Happy hacking Petter Reinholdtsen
I investigated some more, and suspect the issue at hand is that threads are created before main() is called, in shared library initializers. Here is the gdb backtrace for the first call to pthread_create():
(gdb) bt
#0 __pthread_create_2_1 (newthread=0x7fffe6666538, attr=0x0, start_routine=0x7fffe645df50,
arg=0x0) at pthread_create.c:461
#1 0x00007fffe645e16f in ?? () from /lib/x86_64-linux-gnu/libusb-1.0.so.0
#2 0x00007fffe645c3c5 in ?? () from /lib/x86_64-linux-gnu/libusb-1.0.so.0
#3 0x00007fffe6454f5f in libusb_init () from /lib/x86_64-linux-gnu/libusb-1.0.so.0
#4 0x00007fffecb3fa4c in ?? () from /usr/lib/x86_64-linux-gnu/libdc1394.so.22
#5 0x00007fffecb2e015 in dc1394_new () from /usr/lib/x86_64-linux-gnu/libdc1394.so.22
#6 0x00007ffff57b51d9 in CvDC1394::CvDC1394() ()

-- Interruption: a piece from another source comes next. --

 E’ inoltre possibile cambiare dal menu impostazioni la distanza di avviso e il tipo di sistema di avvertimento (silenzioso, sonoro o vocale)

from /usr/lib/x86_64-linux-gnu/libopencv_highgui.so.2.4
#7 0x00007ffff579fc40 in ?? () from /usr/lib/x86_64-linux-gnu/libopencv_highgui.so.2.4
#8 0x00007ffff7dea9ba in call_init (l=<optimized out>, argc=argc@entry=2,
argv=argv@entry=0x7fffffffdf48, env=env@entry=0x7fffffffdf60) at dl-init.c:78
#9 0x00007ffff7deaaa3 in call_init (env=0x7fffffffdf60, argv=0x7fffffffdf48, argc=2,
l=<optimized out>) at dl-init.c:36
#10 _dl_init (main_map=0x7ffff7ffe1a8, argc=2, argv=0x7fffffffdf48, env=0x7fffffffdf60)
at dl-init.c:126
#11 0x00007ffff7ddd1ca in _dl_start_user () from /lib64/ld-linux-x86-64.so.2
#12 0x0000000000000002 in ?? ()
#13 0x00007fffffffe289 in ?? ()
#14 0x00007fffffffe297 in ?? ()
#15 0x0000000000000000 in ?? ()
(gdb)
I guess coz need to hook into the program startup code a bit earlier than wrapped_main() is doing it.

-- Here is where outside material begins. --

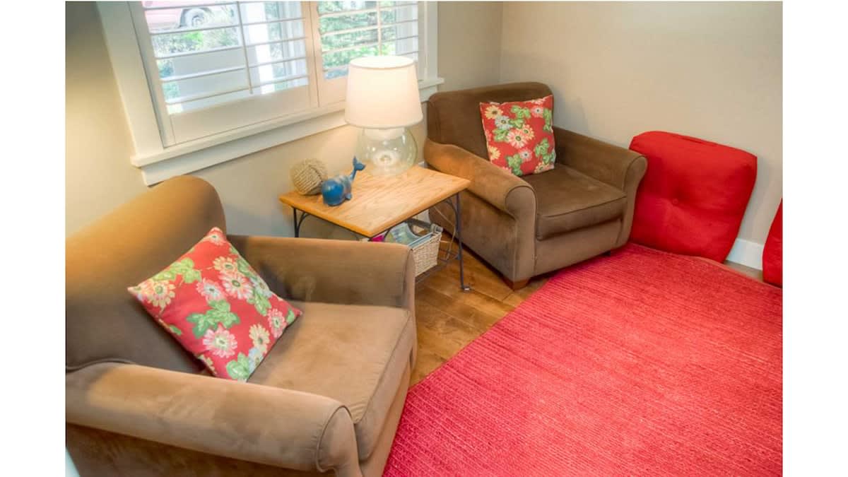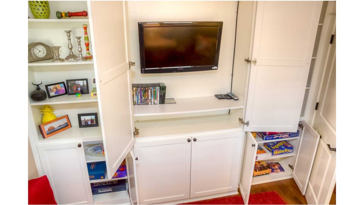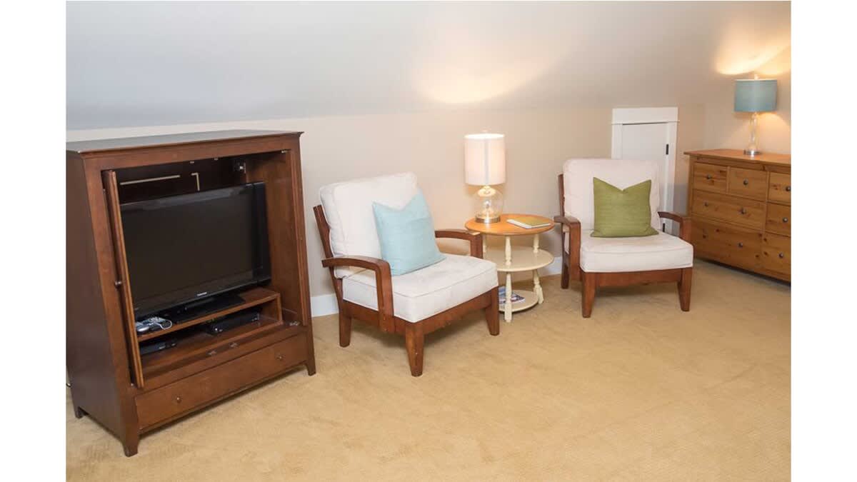 Separate TV room with door which can fit the twin air mattress

I was able to avoid the crash using the following patch:
diff --git a/libcoz/profiler.h b/libcoz/profiler.h
index 515d998..032e2ea 100644
--- a/libcoz/profiler.h
+++ b/libcoz/profiler.h
@@ -108,6 +108,8 @@ public:
thread_start_arg* new_arg;
thread_state* state = get_thread_state();
+ if (NULL == state)
+ state = add_thread();
REQUIRE(state) << "Thread state not found";
// Allocate a struct to pass as an argument to the new thread
The idea is to not depend on wrapped_main() being called to set up the state pointer. I suspect it is not a safe solution, but just wanted to let you know that it got rid of the crash. Unfortunately I did not get much information in the profile.coz file:
startup time=1468705859216684133
runtime time=223636086700
I suspect this is because I patched the wrong function in openalpr.
Hi. Is there more debugging information I can provide to help you with this?
I'm not sure there's a good way to fix this issue at the moment. My attempts to initialize the profiler in the replaced __libc_start_main
lead to segfaults (probably because static initializers have not yet run), but deferring initialization until after static initializers run means we'll get the same error you're seeing. We could silently ignore missing thread state, but that means the profiler wouldn't be collecting samples for the thread created before main
runs.
I'll have to put this issue on hold for a bit.
Implementing #60 should fix this issue, although this feature is in very early stages.
To test coz-profiler, I decided to try to profile the openalpr command line tool, available from http://www.openalpr.com/ . It is a image processing system written in C++, used for extracting car license plates from images and video.
I modified the code like this to try benchmark how quickly it could process images.
After building, I ran it with a random MP4 vidoe file I had lying around after generating a simple openalpr.conf file:
Instead of getting a useful profiling run done, I got the error message "[./profiler.h:111] Thread state not found" instead. Am I using coz the wrong way?
Looking at the code, I suspect the problem is that openalpr is bootstraping its threads the wrong way, but I am unable to pinpoint exactly what is wrong. Also, I suspect coz should handle any code, and thus decided to report the problem as an issue.